С некоторых пор она не переносит ни его тени в саду, ни его отражения в зеркале. Стоит ему приблизиться к ней, как садовые ножницы начинают лихорадочно клацать над малинником, стоит подойти к простенку, где висит зеркало, она тут же уносит свое отражение. Что делать! Что делать! Она и за столом не хочет сидеть вместе с ним, вечно пританцовывает с бутербродом в руке над какой-нибудь книжкой. Заслышав голос Лемешева, быстро прибавляет звук в радиоточке, чтобы не слышать Толин голос. Прозрачно и отрешенно звучат скрипки, интонирующие мотив Грааля. На светлых волнах Шельды покачивается ладья, влекомая белым лебедем, в ней рыцарь в сверкающих на солнце доспехах. «Ты никогда не спросишь, откуда я и как зовут меня». Ни о чем Анатолия никогда не спросит, как будто у него нет своего мнения, собственного голоса, высокого, почти как у Лемешева. Но сейчас время низких голосов, басов или баритонов. Громких. Уверенных в себе и своем праве. «Кто быть слугой Грааля удостоен, тому дарит он неземную власть, тому не страшны вражеские козни: открыто им то, что враг должен пасть!» Анатолий прислушивается к этим новым уверенным голосам, не объявят ли они о пересмотре дела Шуриного отца, чтобы она смогла снова взять его фамилию. «С чего ты взял? — ровным голосом отвечает Шура. — Не собираюсь я этого делать. Я говорила об имени, а не о фамилии. Имя своему сыну я дам сама…» — «А если родится дочка?» — «Девочку можно назвать Надей. Хорошее имя — Надежда». Разговор происходит между кашей и какао, между отрешенными скрипками и рассказом Лоэнгрина. Анатолий поглядывает на часы. Шура стоит на одной ноге, с чашкой в руке, рассеянно улыбаясь в окно Юрке Дикому, который, перегнувшись через изгородь, что-то кричит ей. Не успевает Анатолий обернуться к окну, Дикого уже и след простыл. Анатолий закручивает Лемешева до отказа, перекрывает ему кислород. Шура невозмутимо тянет руку к радиоточке. «Как-никак я отец, не грех бы со мной посоветоваться насчет имени для сынка». «Отец мой Парсифаль, Богом венчанный, я — Лоэнгрин, святыни той посол!» Прозрачно и легко звучат аккорды деревянных духовых инструментов. Лейтмотив Грааля замирает в крайних высотах струнного оркестра. Голос Анатолия становится совсем высоким: «Что ты молчишь? Я, кажется, к тебе обращаюсь!» — «Ко мне», — как эхо отзывается Шура.

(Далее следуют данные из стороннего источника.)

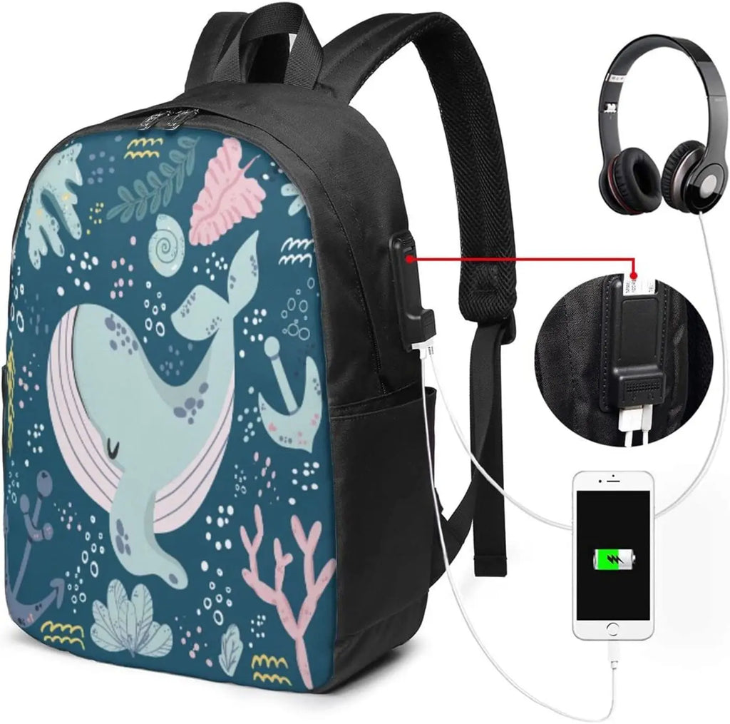 This backpack features a cute sleepy whale underwater doodle cartoon design, perfect for teens, adults, college students, and school use. It also includes a laptop compartment for up to 17-inch laptops.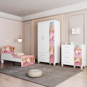 Para completar, a Cômoda Infantil com quatro gavetas e uma porta oferece espaço de sobra para manter tudo no lugar. Funcional e linda, ela acompanha a mesma temática alegre e colorida, criando um conjunto harmonioso que vai conquistar pais e filhos. É o quartinho dos sonhos pronto para ser vivido!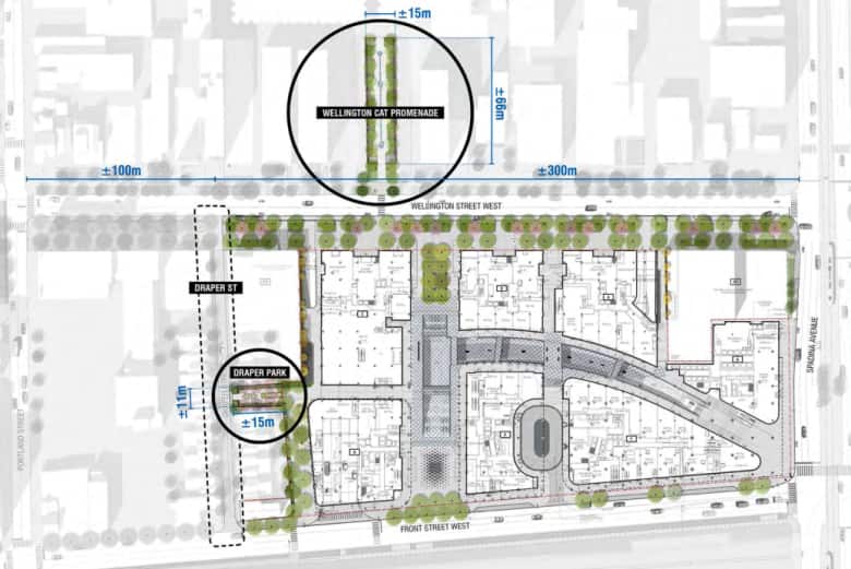 The map outlines The Well development, as well as circling the two cat-themed parks planned for the neighbourhood. The Wellington ‘Cat Promenade’ will take the place of popular nightclub, The Addisons Residence. (City of Toronto)
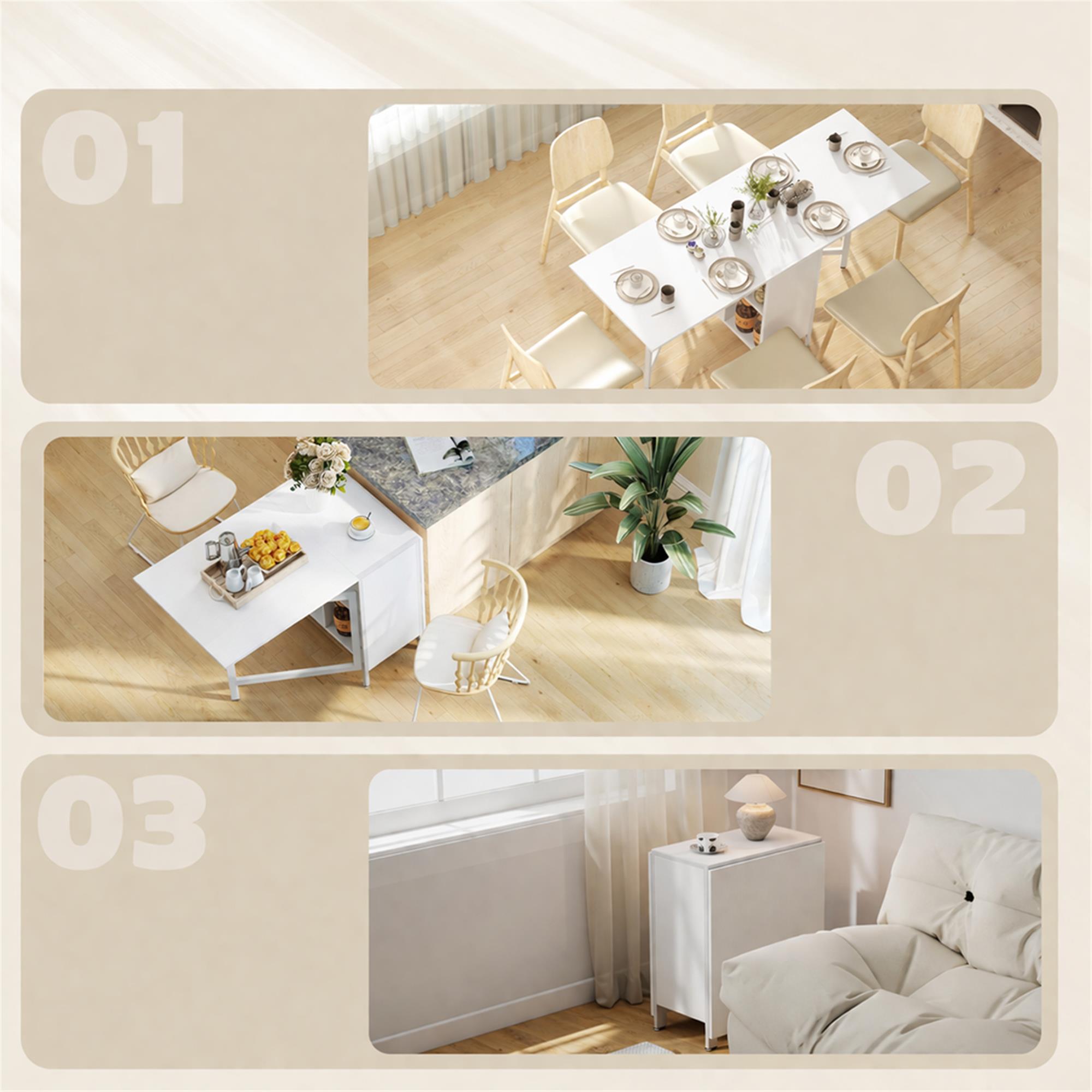Het gelakte metalen frame garandeert een onberispelijke stabiliteit en een lange levensduur: de strakke lijnen en het stevige frame zijn ontworpen om de ingeklapte tafelbladen veilig te ondersteunen en bieden betrouwbare steun zonder afbreuk te doen aan de esthetische lichtheid van een modern ontwerp.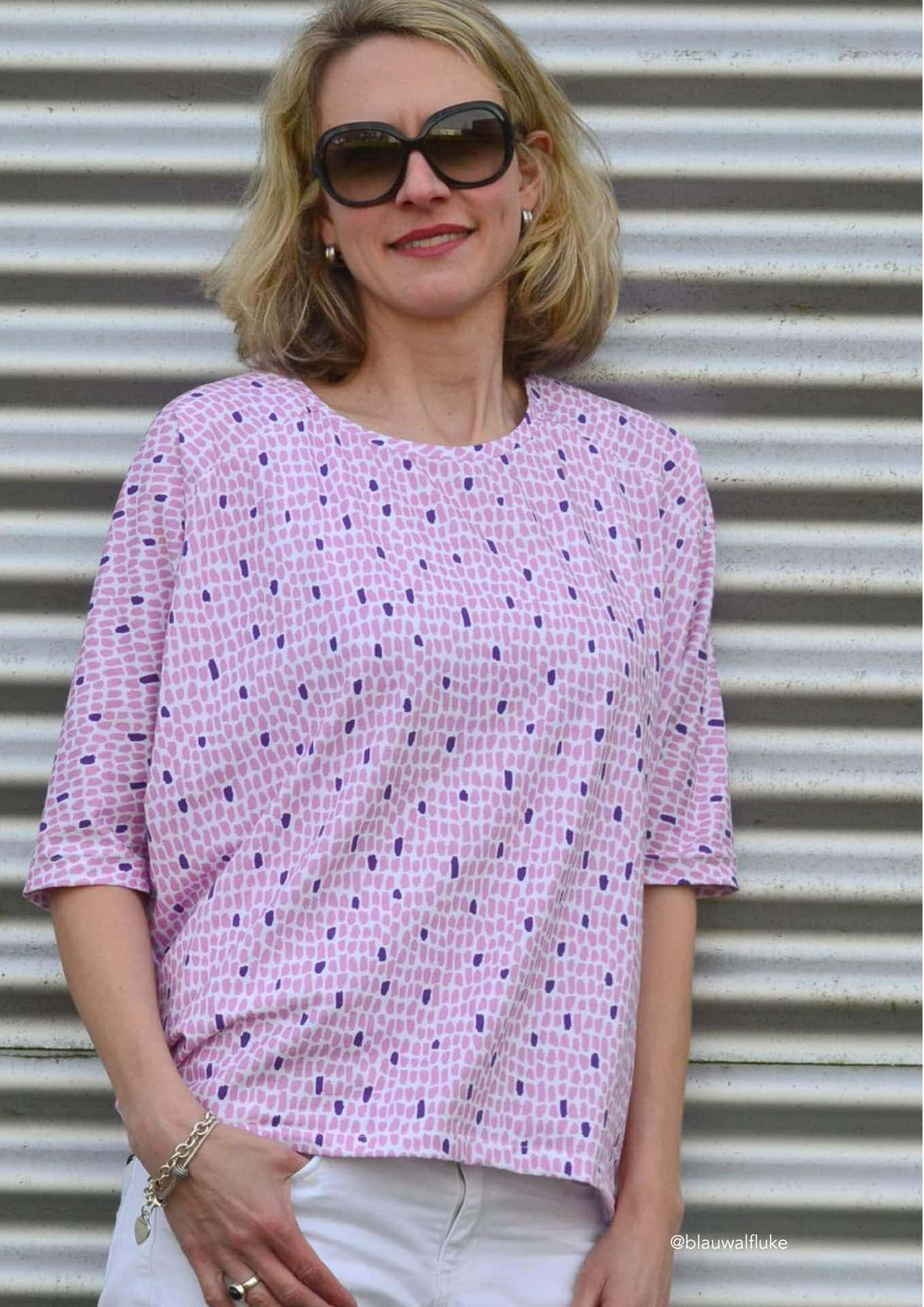 ich habe Jolanda in Webware und Jersey genäht. Beide Teile sind ausgesprochen schön. sie sind ein toller Ersatz für „normale“ T-Shirts.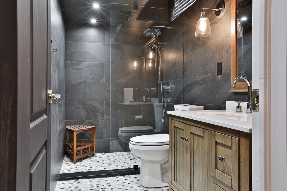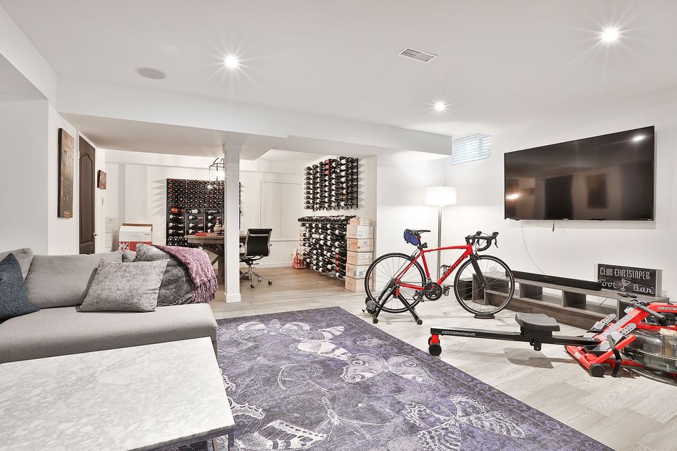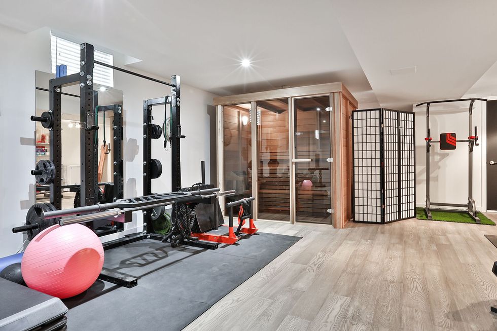 The finished lower level is tailored for wellness and recreation. Here, a fitness zone and games area meet a full bath and sauna, creating a dedicated hub for active living and relaxation alike.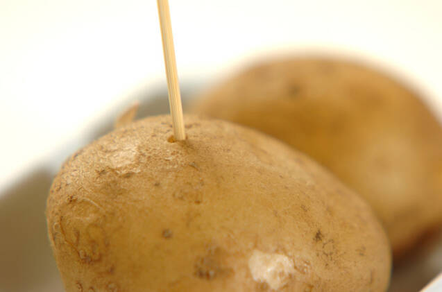 ジャガイモは皮ごときれいに水洗いし、1個ずつラップに包んで電子レンジで6~7分加熱する。竹串を刺してスッと刺さればOK、かたければもう少し加熱して下さい。(ヒント)電子レンジは600Wを使用しています。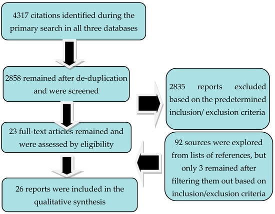 After applying the paradigm search, a total number of 4317 papers surfaced, but only 2858 remained after de-duplication. Succeding the application of the inclusion/exclusion criteria, out of the screened papers, only 23 reached the final phase of the review. Another 92 references were explored after the lists of references were consulted, but only 3 were considered for review after operational criteria were applied (Figure 1).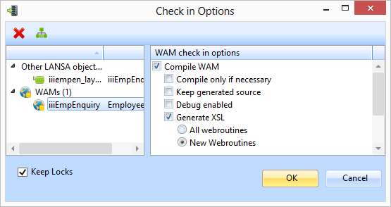- Your new WAM is locked to a Task Id. Usually this will be the Task Id you selected when you logged in the Visual LANSA. The lock is applied using your PC Name. If you select the Keep Locks option shown in the Check In Options dialog, Visual LANSA will keep the WAM locked using Task Id and PC Name and you could continue developing the WAM. See the Visual LANSA Administrator's Guide for further details on this subject.
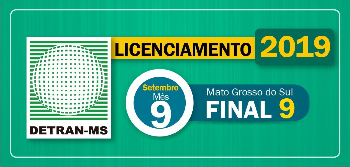 setembro 4, 201911:22 amOs veículos com placa final 9 precisam realizar o licenciamento em setembro. O procedimento é obrigatório, sendo que em cada mês é necessário regularizar a situação de acordo com o último numeral da identificação. Para pagar o licenciamento, o usuário precisa emitir a guia em qualquer agência ou mesmo pelo site www.detran.ms.gov.br com possibilidade de efetuar o pagamento nas agências do órgão ou em bancos conveniados.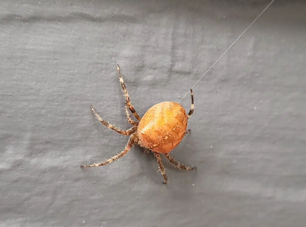 Appears to be missing a leg, raised one up maybe defensively when the wind from my front storm door closing hit it. Body very small, less than the size of a penny. Been here for a couple days on the wall under the light.
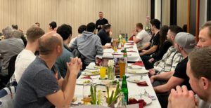 Ansatt einer Winterfeier lud die Abteilung Handball Männer ihre Sponsoren und die drei Männermannschaften am 06.01.23 zum Hendsemer Anwurf 2023 ein, ein Neujahrsessen im Hendsemer Löb. Neben Rückblick auf 2022 und Ausblick auf 2023 standen im Mittelpunkt der Austausch zwischen Mannschaften und Sponsoren sowie DANK zu sagen. Dank sagen an die Trainer und Spieler der drei Mannschaften und v.a. auch Dank sagen an die Sponsoren für ihre wertvolle Unterstützung während und weiterhin jetzt nach der Pandemie. Auch die Wirte im Hendsemer Löb, Damir und Tatjana Mankiewicz, sind neu als Sponsoren der Männermannschaften eingestiegen und deswegen galt es Beiden doppelt Dank zu sagen, für das neue Sponsoring und für die schon gewachsene Partnerschaft bei gemeinsamen Veranstaltungen, wie z.B. in 2022 die kulinarische Unterstützung bei der Hendsemer Kerwe und bei der 100-Jahresfeier.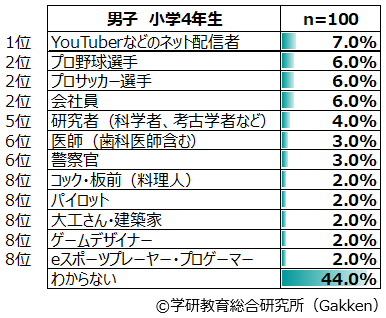 一方、順位に急上昇がみられるのは、10位「eスポーツプレーヤー・プロゲーマー」(2.2%)である。2019年は23位であったが、2020年は4年生(8位)、5年生(2位)、6年生(6位)と高学年で人気が高い。しかし1日の中でゲームをする時間についての調査結果を見ると、2020年は46分となっており、2019年度調査時の45分、2018年度調査時の40分と比べて劇的に増えたということはない。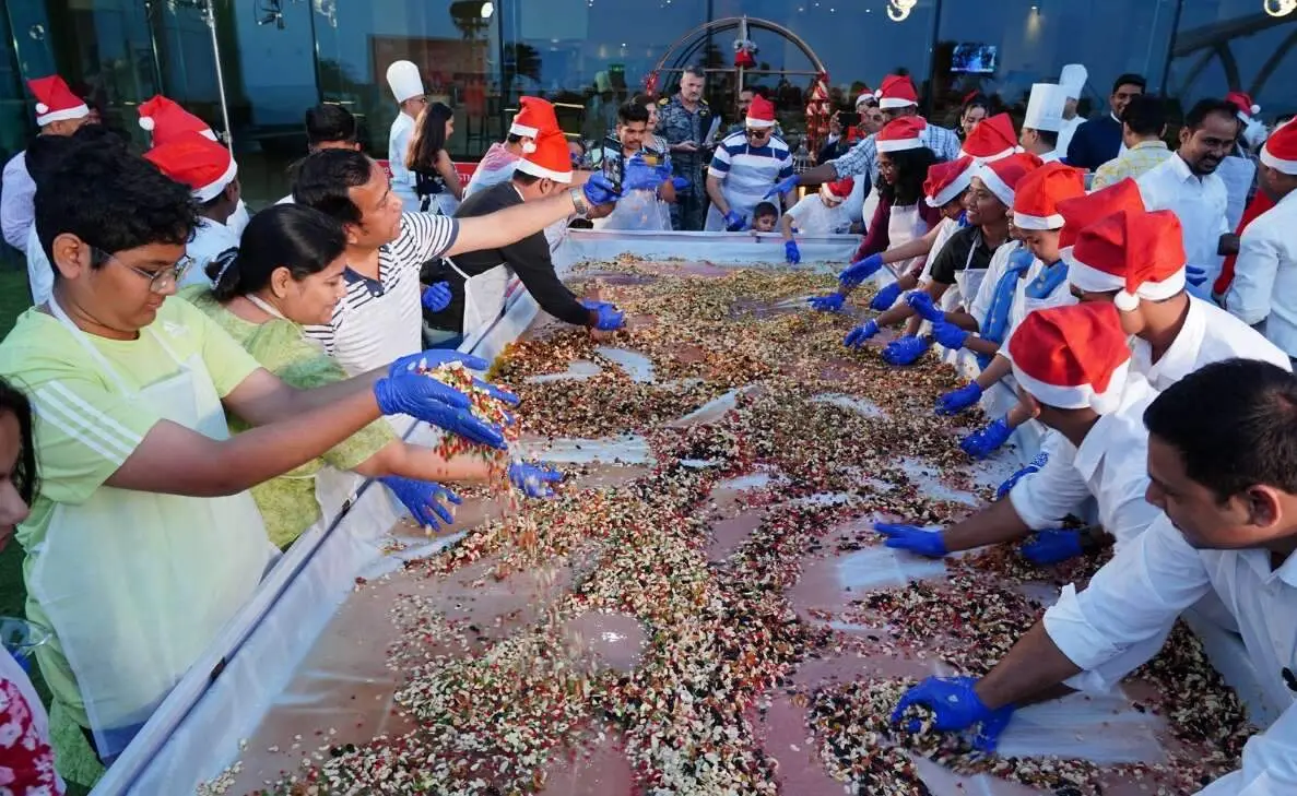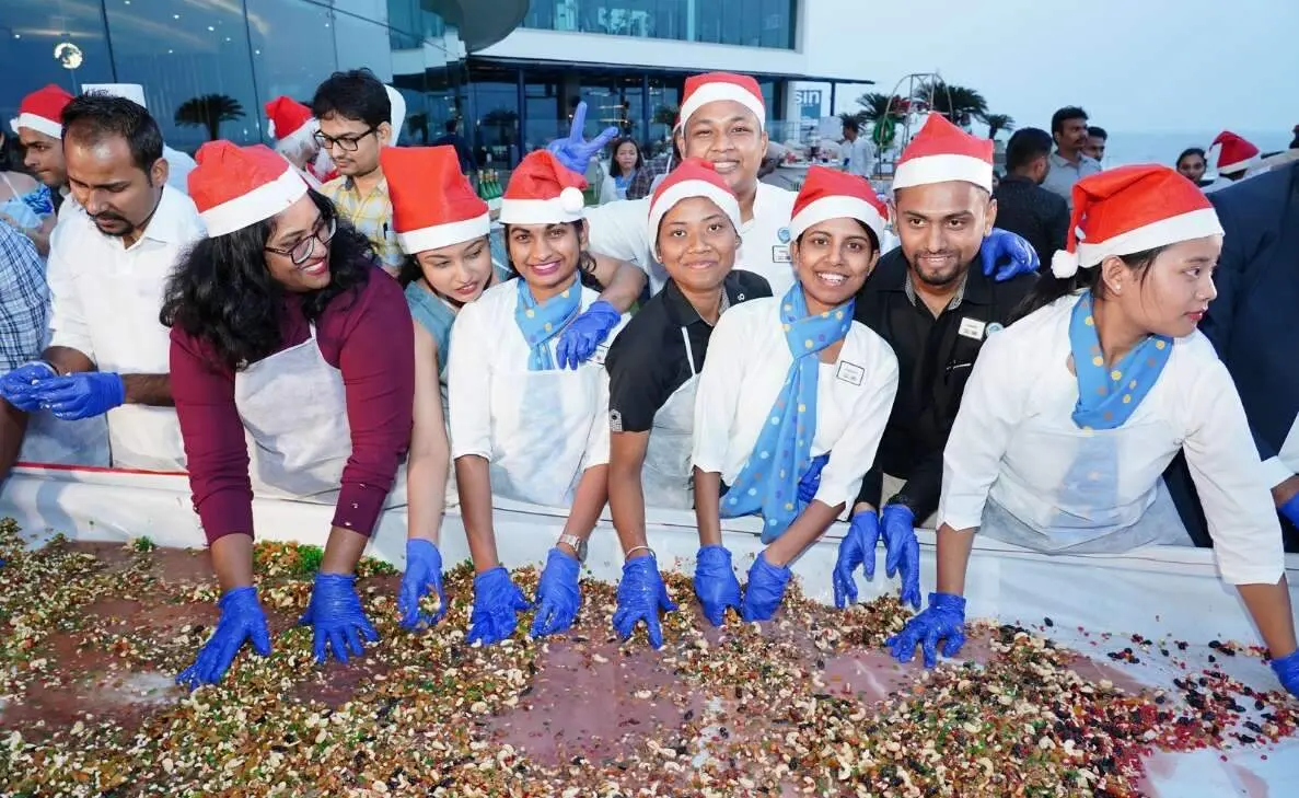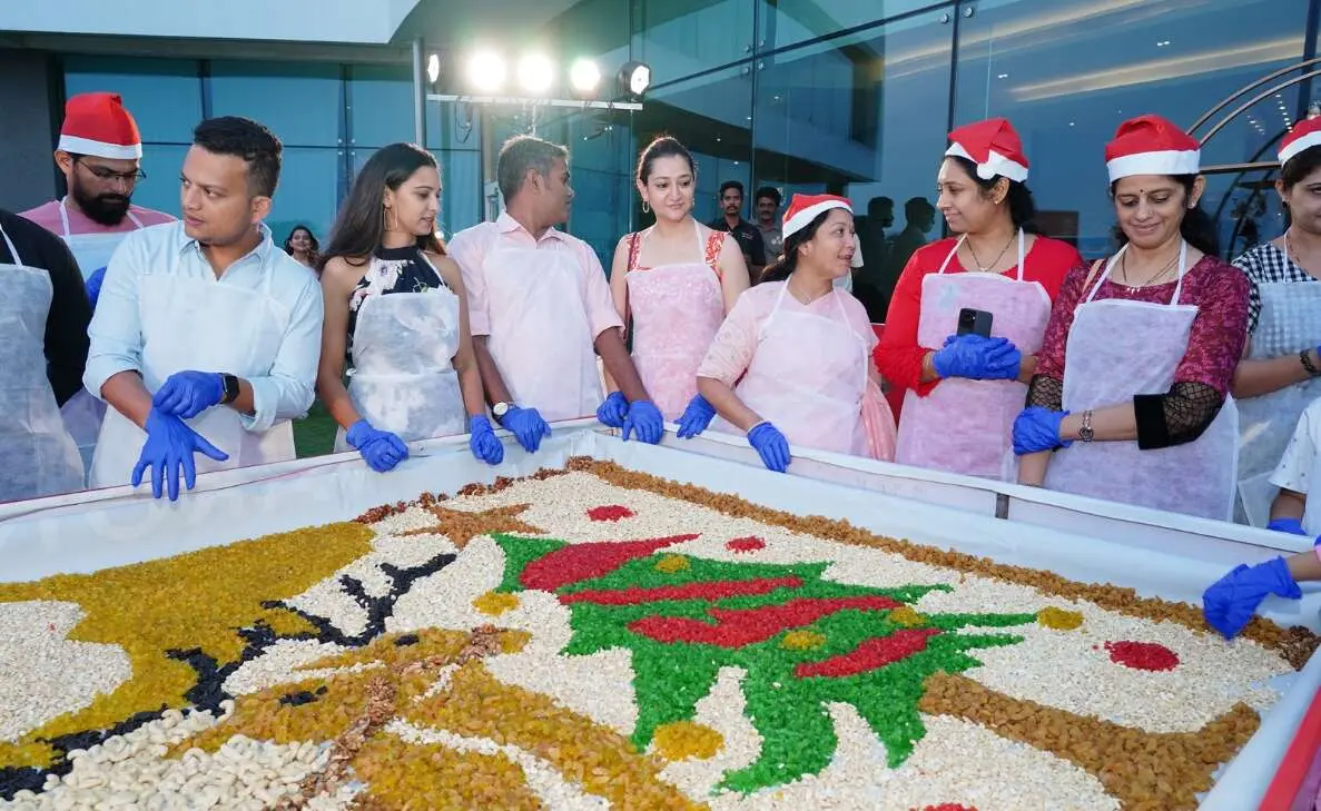 A huge tray, loaded with a wide variety of dry fruits, was set for the participants to put their hands into action. The scores of enthusiasts then excitedly soaked the dry fruits in premium wine and rum, kicking off the event. The organisers artistically arranged the dry fruits to look like Santa Claus riding his reindeer sleigh. Tiny toddlers, the young, and the old from across Vizag partook in the fun cake mixing event with equal enthusiasm at the Novotel Varun Beach.

4 Подводные реки, плавучие острова
Вслед за солнцем они передвигаются легкими летучими отрядами, лютиковые семейства делают набеги на губоцветные, астровые вторгаются в пределы дымянковых, фиалковые просачиваются в толстянковые. Они бегут наперегонки, у каждого своя дистанция, свой период цветения. Цветы перебрасываются формой, как мячиком, — лепестки, язычки, трубочки, многоярусные мутовки, розетки, метелки, канделябры, розочки, зонтики, свечи, ушки несут соцветия в пазухах листьев, в корзинках, в полусферах, в гроздьях, и все это живет, дышит, трепещет, ютится невесомым перышком в складках стихий, перенимает их качества: анемон — ветра, пиретрум — огня, альстиба — солнца.